Cyrus Server Configuration

There are essentially two ways we could set up a server:

  • one standalone server (called altadmmail for the discussion below), or
  • build a Cyrus cluster (called mailservices for the discussion below), with initially only one server in it.

This page discusses those options, with the viewpoint that this system is initially to be used to handle the overflow from admmail, but it gives us the opportunity to phase in some of the tools we will need to use sometime in the near future to handle increasing e-mail loads.

Single Server

In this case we could call the server say altadmmail, and tell all users to forward their incoming mail there, and they read the mail using IMAP by pointing their mail client at altadmmail. To keep things consistent, we should tell users also to route outgoing mail (SMTP) through altadmmail, although that is not strictly necessary, as mail clients keep incoming and outgoing functions separate.


  • We are free to install any IMAP system on the server. We could even use UWashington IMAP, which we all know so well. Or Dovecot, or Courier Maildir, or whatever we're most comfortable with. These are all available under RHEL.

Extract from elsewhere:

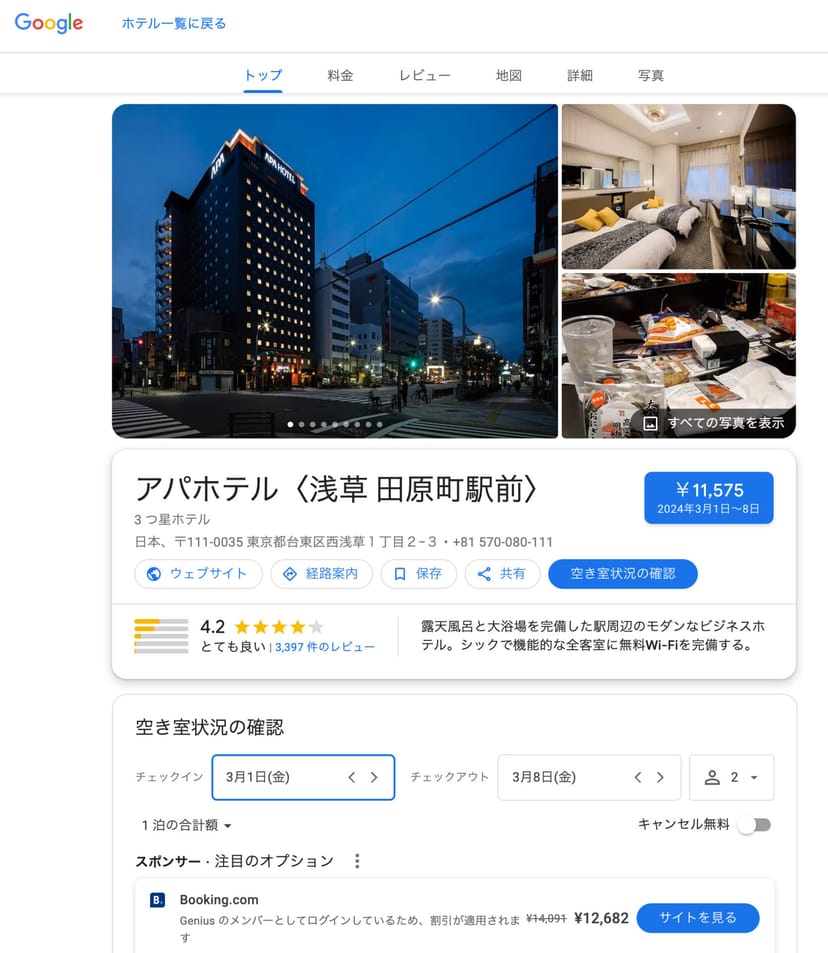 Find hotels in Asakusa area for a week in Marchアパホテルなどの候補が表示され、1泊1.1万円くらいだな、という概要が瞬時に掴める。
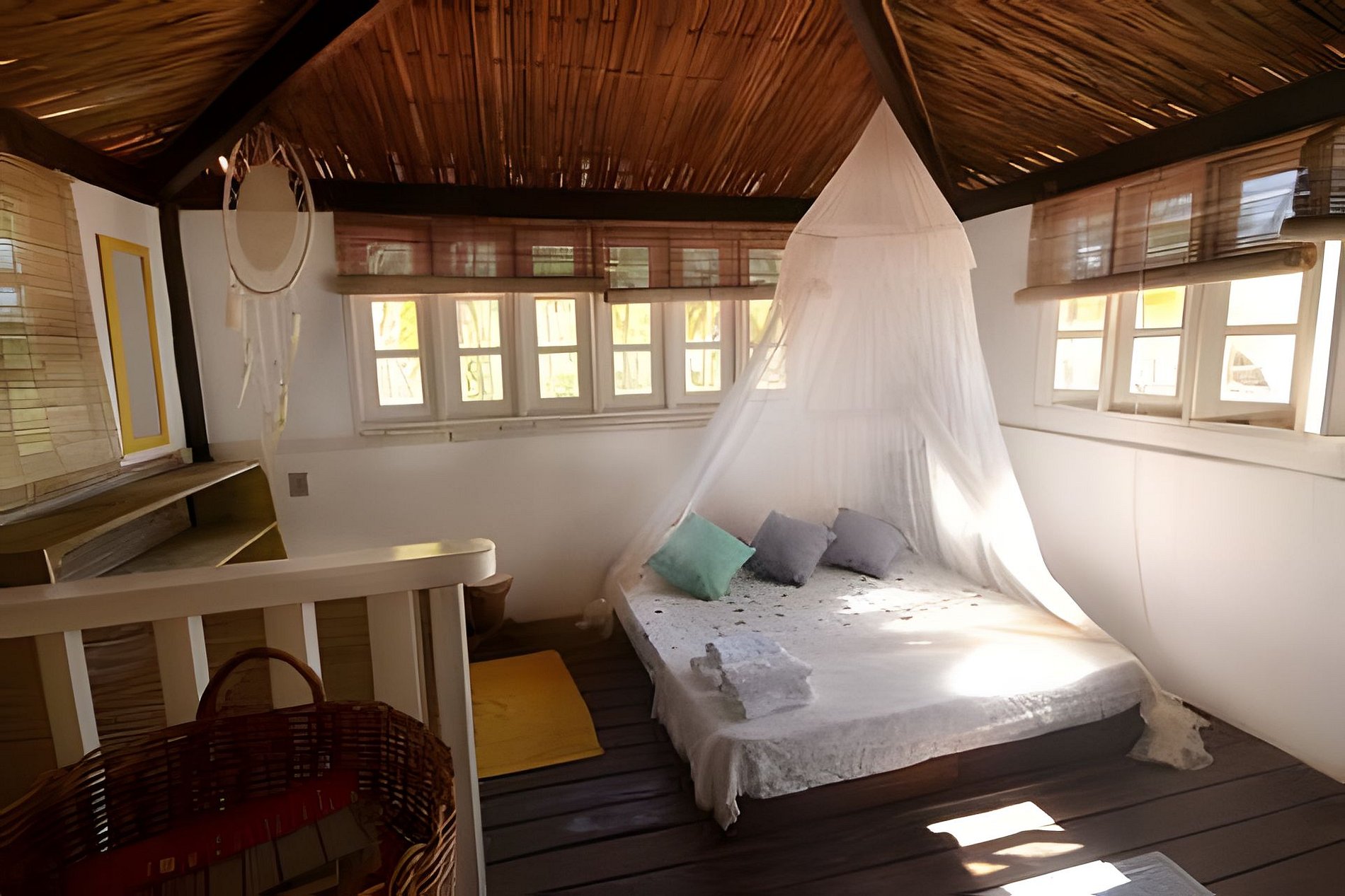 A casa Principal oferece um quarto no segundo andar. Na parte térrea da casa temos duas suítes. A sala integrada com a cozinha e um banheiro completo. Varanda na frente do mar e a outra com mesa para refeições com vista do coqueiral e para o rio, delicioso para banho. E temos na propriedade o Chalé Casa Capela, um quarto no andar superior No térreo saleta, banheiro e varanda. Redes nas varandas, nos quiosques A casa por sua proximidade do mar é climatizada pela constante brisa. Uma maravilha! Oferece serviço pela manhã e limpeza todos os dias, menos domingo. Roupas de cama e banho de algodão com trocas disponíveis. Os caseiros vivem na propriedade.

  • The users will simply need to change any reference to admmail to altadmmail in their e-mail client setup.

  • Maintenance on a single machine would be simpler, since the location of all problems would be fairly easy to identify.

  • We can delay dealing with issues of scalability until we are more comfortable with the system.


  • We will need to deal with issues of scalability really soon, and by delaying even further we'd miss a good chance to get a start on these issues. We also risk having to rush things if it comes to a crunch.

  • The system is not scalable (by adding more servers) without introducing more names, such as altadmmail2, altadmmail3, without either:
    1. additional server names becoming visible, which will cause confusion (is fred on altadmmail1 or altadmmail2?) Some of this could be mitigated by using e-mail addresses, and hiding the details with forwarding from there; or
    2. using an IMAP `proxy' server, which would handle the details of locating the server that stores and individual's IMAP folders, but this only takes care of IMAP: we'd need to maintain a list of aliases on the SMTP servers to direct incoming mail to the correct place, unless we can automate this somehow; or
    3. we decide to use the built-in facilities of Cyrus to hide the addition of a second and subsequent servers by now calling a new cluster altadmmail, and say rename the first server to altadmmail1, and call the new one altadmmail2.

Cyrus Cluster

Here we would configure the load-balancing and redundancy options of Cyrus, but initially with all functions being directed at the single host, say altadmmail. However, to maintain future flexibility and give us the option to add capacity completely transparently to people using the system, we would point people to the cluster, say mailservices, not an individual machine.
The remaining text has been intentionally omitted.